Para Ricardo Rodríguez, exbailarín del Ballet Folklórico de México (BFM) en la década de los noventa bajo la dirección de Amalia Hernández, sí hay un antes y un después de la coreógrafa; no obstante que existe una diferencia muy marcada, sigue siendo el grupo representativo de México.
De 46 años, actualmente dirige su Academia de Danza Ricarte, y recuerda que tras sus estudios en danza folclórica y bachillerato en Artes en el Instituto Nacional de Bellas Artes, entró al ballet tras una audición, ingresó a un grupo de preparación, y medio año después a la compañía residente. Bailó de 1991 a 1993, y en una segunda etapa en 1995.

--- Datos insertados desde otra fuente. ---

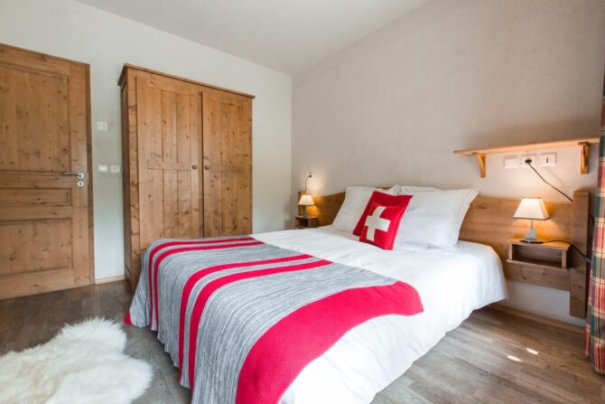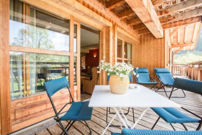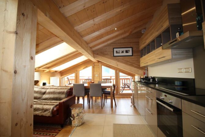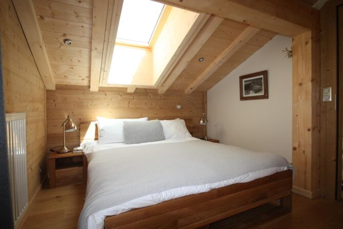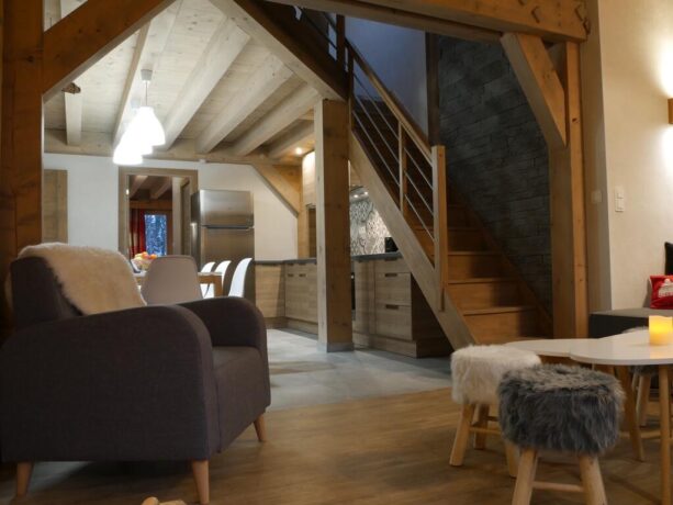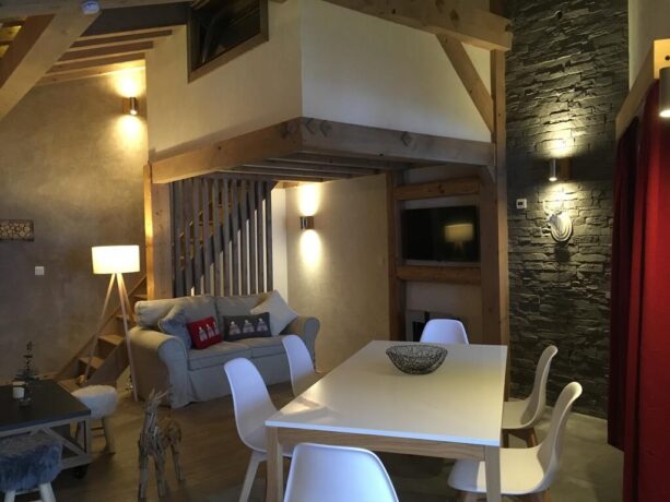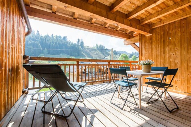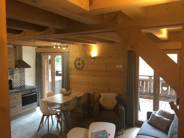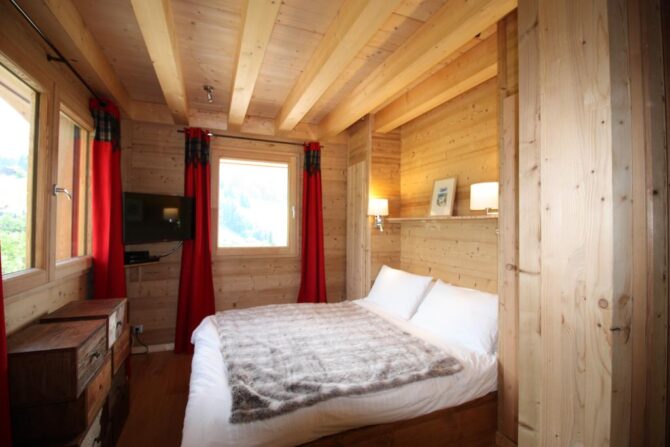 Alexandra was built in 2016 and also has a beautiful modern look. Apartment Alexandra have two levels, large windows and a balcony with beautiful views of the valley and the ski resort of Le Périère. On the ground floor there is a bedroom and a room with a bunk bed. This configuration makes Alexandra ideal for two families or three adult couples. This is a cosy chalet with a balcony where guests can spend romantic evenings.

“En el grupo de preparación te enseñan los ballets de la compañía, nos daban técnica contemporánea en esa época, te van preparando, muchos llegan sólo con estudios de ballet folklórico, pero debes tener también conocimientos de ballet clásico.”
–¿Les enseñaban sobre la historia de la creación de las piezas?

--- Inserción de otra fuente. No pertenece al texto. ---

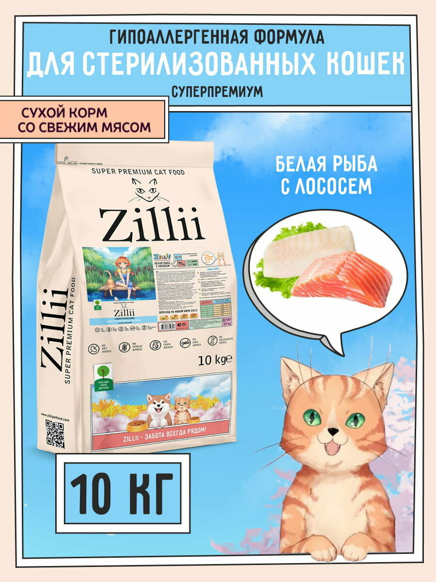 Полнорационный сухой корм ZILLII LIGHT/STERILIZED White Fish with Salmon специально изготовлен для стерилизованных кошек и удовлетворяет всем требованиям, предъявляемым к питанию стерилизованных животных.

–No, y eso es una falla. Tuve la suerte de tener clases y haber trabajado con profesores que fueron parte integral de la creación del ballet, por ellos conocí la historia de las piezas, el porqué del estilo, la técnica, la investigación de Amalia, pero fue por eso. Tuve suerte.
–Amalia Hernández siempre tuvo detractores por el asunto del folclor.
–Lo que la gente no entiende es que no está viendo una representación del folclor mexicano, es un ballet que se inspira en historias de México para crear historias. Veracruz no se baila así; lo mismo en el norte, hay formas. Amalia hizo a su estilo, que no es folclor, es el ballet de Amalia, como el del Bolshoi de los rusos.
Sobre su experiencia de trabajo con la coreógrafa –de quien rememora la frase “esta es mi obra y para interpretarla se necesita fuerza, técnica y pasión por la danza”–, dice que el BFM forma parte del auge nacionalista del tiempo en que vivió su creadora.
–¿Y qué representa hoy en día?
–Sigue siendo un ballet que representa a México. En mi punto muy particular de vista, la dirección no es la adecuada, se perdió su esencia, sobre todo de la técnica clásica, no creo que cumplan todos los estándares de calidad que requiere el ballet.
Y remata:
“Para el público general es una gran obra, pero como artista y exbailarín considero que la ejecución técnica ya no es la misma. Con todo y eso sigue siendo representativo de México, porque ni la Compañía Nacional de Danza lo es, y tengo amigos en esa agrupación que coinciden. En mis 26 años de carrera, puedo decir que las coreografías que aún recuerdo fueron las de Amalia.”